БОРЬБА ПРОТИВ ОРНАМЕНТА ИЛИ «НОВАЯ ВЕЩНОСТЬ»:
Чтобы жить в Век Ребенка, следует лишиться родителей
(Синтез)
Небезызвестный Матросик, отпрыск буржуазной семьи, который, размахивая кепкой и обхватив, как обезьяна, ногами фонарный столб, надрывался: «Да здравствует республика!», все же сползает вниз, на асфальт тротуара, стучит одной ногой о другую, чтобы из онемевших ступней разбежались мурашки, поворачивается так, чтобы Михаэлерплац, Хофбург с императорской короной в музейной витрине, придворный кондитерский магазин (вся медь надраена до блеска, а на прилавках красного мрамора пышные воздушные торты и пирожные с марципанами) остались у него за спиной, и идет по Херренгассе в сторону Ринга, поворачивает у кафе «Централь», направо, идет по уставленной зданиями банков Штраухгассе, проходит мимо дворца Харраха, барочного сооружения с колоннами и скульптурами (сам Харрах представлен здесь в виде Зевса, граф Пальфи — в виде Одиссея, а граф Эстергази — в виде крылатого гения, тогда как граф Баттиани всего лишь входит в свиту Фортуны с ее рогом изобилия — этакая завершенная аллегория для росписи потолка на темно-синем фоне бесконечности, в которой исчезают древние династии), проходит мимо всего этого и переходит с одной стороны улицы на другую.

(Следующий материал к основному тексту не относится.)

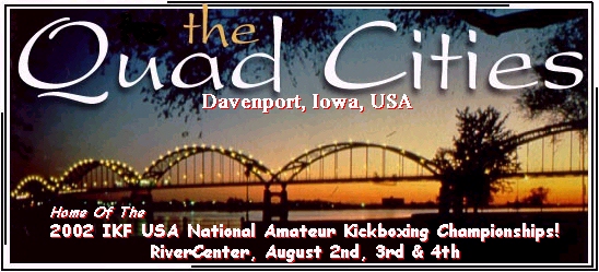 The time right now is about 10:25 PM and in about 3-4 hours from now, I will wake up from a quick power nap (of maybe 2 hours if I'm lucky) and start the long drive to the 2002 IKF USA National Amateur Kickboxing Championships by myself. Last year I had the pleasure of IKF Photographer Glenn Berg accompany me on the trip. However this year, he had to stay back here at homebase for the week until he can catch a flight with other IKF staff members on Thursday evening to arrive in Davenport on Friday morning. For some reason, I couldn't find anyone too excited about driving with me from here in California to Davenport Iowa, so I'll have plenty of time to think about what awaits me upon arrival as well as many of you next weekend. According to Yahoo Maps, the trip is 1,860 miles and estimated to take me 28 hours and 37 minutes before I knock on the front door of the Nationals Host hotel, The Radisson (Left) in Davenport, Iowa. However, for reasons I won't admit, I plan to make the trip a bit faster... Unless I run out of the Red Bull Johnny Davis and Frank Curtis stuffed into my icebox for the trip... So your probably wondering "Why would he be driving all that way... Can't he afford a plane ticket?" Well, for those of you who have been around the IKF since the 2000 USA Nationals event will remember why I now make the sacrifice to drive to this event every year. My buddy Johnny Davis will interject here and say, "Now Steve, don't get into those negative issues... just let it go.." OK Johnny, as per your advice, I'll just hit the headlines. Our Official shipping sponsor, UPS (United Parcel Service) "LOST" all the National Championship belts for the 2000 Nationals Event... and we didn't get them back until about 3 weeks after the event. Oh there's a lot more to this story, but as Johnny suggested... I'll stop there. There was nothing worse that year than seeing all those Champions walk away from the ring with a "BORROWED" IKF USA National Champions Belt knowing they had to give it back after a quick picture. All those Champions, young and old that fought their heart out that year and were sent home with just a promise that "We'll mail your belt to you..." What a crock of an explanation I thought... Here these amateurs traveled all this way, fought hard and won the National Title and now had nothing to carry home, let alone raise high above their head when they met those waiting for them at the airport or at the front door. If not for Brooks Mason taking some of the pictures we took of the belts before they left IKF Headquarters (Above right) and making some large prints of them at the local copy shop, I'm sure all those fighters would have thought something like, "Oh great... They couldn't afford belts this year..." It took these Champions nearly a month before we could get their belts to them as we waited for UPS to find them. "NEVER AGAIN!" I said. Never again will I not be able to see the joy on a Champions face as they carry their IKF Champions Belt proudly over their shoulder as they leave for home Monday morning. This event always costs us more than it will make as far as financial income. However, what we get in return is worth far more than the money we spend to make this event happen. Nothing can replace the smile on a fighters face when their hand is raised in victory. Nothing can replace the look of the fighter who fought hard but came up short, but still stood proud in the ring knowing he or she "Walked The Walk" against the BEST Amateur Fighters in the Nation on this weekend. I'd drive 3,000 miles to make sure these belts are there for those Champions on Sunday. I'll be tired, as always, but the adrenaline and excitement of everyone will energize myself and everyone there as if everyone's energy worked as one. On average over the last 3 USA Nationals Events, I get about 8 hours sleep from Thursday night to Sunday night. But the excitement of everyone there gives me more energy than I will experience throughout the year. It's the "Who's Who" of Amateur kickboxing in America. If I could afford their ticket, I love to bring IKF European Director Alby Bimpson and Jacqui here to see it. I'd bring Andre from Malaysia, Robert from Australia, Evgeny from Belarus, Alex from Japan, Oleg from Russia and a hosts of others. These guys have no idea what their missing. Someday they will be able to experience it and feel as excited as I do about it every year. Next weekend we will all be surrounded by some of the greatest trainers in the world as well as some of the greatest fighters in the world. Their presence humbles me beyond all means. "THEY" are the Champions on this weekend. I will be proud just to work hard and make things happen. The many officials and staff that will be volunteering their time to help, what can be said of them other than "THANK YOU!!" Without them, this event couldn't happen. OK, maybe I'm getting too emotional here, but if you've ever been to this event, you know what I'm talking about... This event will change your life in so many ways. The trainers who give their time, effort and knowledge to their fighters with no financial compensation in return. Their sacrifices they make is rewarded when their fighters proudly enter the ring of battle to "Walk The Walk!" Everyone this weekend will be surrounded by some of the greatest fighters in the world as well who will have their focus and attention on their own fighters instead, helping them achieve their dreams of becoming a True Kickboxing Champion like them. Some of them include IKF Pro Champions like World Champions Mike LaBree and Dave Marinoble, as well as US Champions Jim Zbilski and Kevin Hudson. But don't forget the other Pro Champions like Richard Trammell, Phil Nurse, Troy Dorsey, Scott Mincey, Johnny Davis, C.B. Bunkholt, Mick Doyle, Ray Thompson, Clerance Thatch, Pat Miletich, Horace Craft and the list goes on and on. While in their presence, I am humbled greatly by what they have accomplished in their lives. Th

Поднимает глаза на желтую фигуру из песчаника, — Господи, помоги мне, — затем устремляет взгляд в темную арку ворот (мрачные воспоминания бывшего гимназиста), пересекает двор, выходит на Рингштрассе, удостаивает коротким взглядом церковь Благодарения, память о неудавшемся покушении на императора, аминь, и ее остроконечные башни, посыпанные ракушками, идет по Рингу на восток (нам-то эта дорога хорошо знакома) к Дунайскому каналу (позорное пятно на безукоризненной революционной репутации Матросика) и занимает место за столом в отцовской адвокатской квартире на третьем этаже: обеденное время, время семейного сбора, время для трапезы, приятного аппетита, мама; он сидит перед глубокой супницей с золотой каемкой и ждет, пока кухарка по имени Мария, — всех кухарок зовут Мариями, если только они не носят имя Рези, — ждет, стало быть, пока Мария не начнет разливать по тарелкам суп с фрикадельками.
«Взять гусиную печень и, предварительно обработав, мелко ее нарезать; взбить 4 лота масла или говяжьего жира с двумя целыми яйцами, добавив еще два желтка; срезать корку с двух булочек, размочить их в молоке; мелко нарезать петрушку; все это как следует перемешать, добавить соль и перец и, скатав фрикадельки, обвалять их в панировочных сухарях…»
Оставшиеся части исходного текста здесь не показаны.